My passion for fighting poverty was heightened in June/July 2013 when I travelled to Vietnam and Cambodia as part of my School’s mission tour, entitled ‘The Extra Mile Project’. Preparation for this trip was a team effort in which harmonious relationships were fostered in the process of running several fundraising events. I was engaged in community involvement through working with local businesses to support several student-run events. I was able to utilise leadership skills particularly in the proposal and organisation of a fundraising concert and auction that raised over $4,000 towards house building and school renovations in impoverished communities in Vietnam and Cambodia.
As a School Prefect for the past 12 months I have been involved in several other initiatives such as our annual ‘Girls’ Night In’ event. In organisation of the Girls’ Night In I worked with local businesses to coordinate activities for our female students. While this event targeted fundraising for the Cancer Council’s Pink Ribbon Initiative, I was also delighted to use the opportunity to work with younger students and encourage them to step into leadership positions.

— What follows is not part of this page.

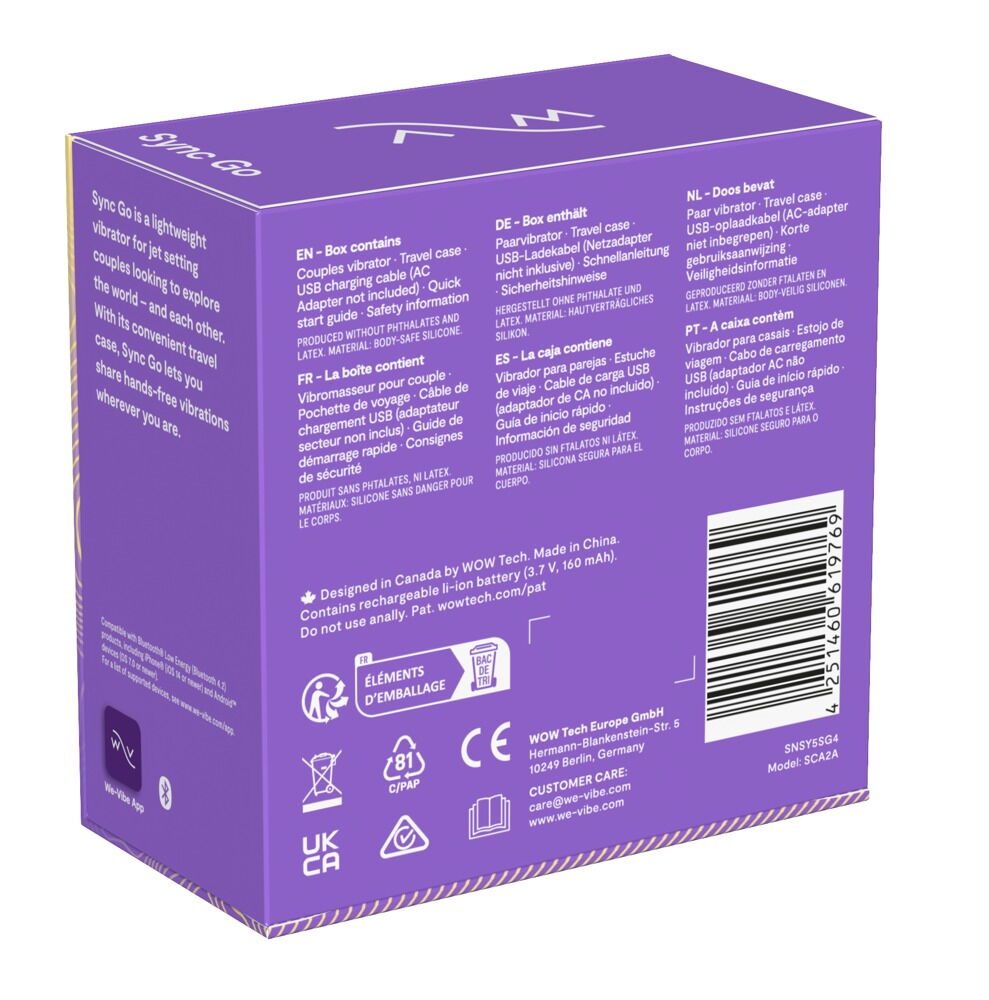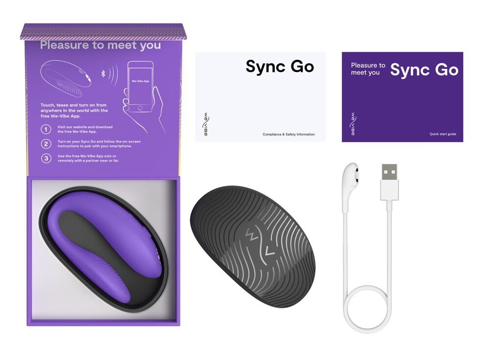 Sync Go je kompatibilní s aplikací We-Vibe pro IOS a Android přes Bluetooth. Zde si můžete vytvářet individuální stimulační programy a ovládat vibrace pohodlně přes chytrý telefon. K dispozici jsou také vibrace do rytmu hudby. Aplikace We-Vibe také umožňuje sexuální blízkost na dálku. Do aplikace jsou také integrovány další funkce hlasu, chatu a videa. Bavit se kdekoli je možné, protože Sync Go je vodotěsný.

As Social Justice Prefect, which is a new portfolio I established within our Prefect body this year as a means of encouraging charitable events and awareness focused initiatives within the School, I have been in continuous communication with founding directors of The Freedom Project, an anti-slavery organisation. In a recent Prefect fundraiser, ‘Slave Day’, we were able to raise $3,600 in order to support the rehabilitation of child soldiers in the Philippines.
As I prepare to leave school and consider the best way to approach my future studies I remain assured of one thing – I intend to use my life to continue to promote the values of harmony and hope, to encourage and promote leadership, to equip young people to speak out against inequality and to alleviate social injustice on a local and global scale.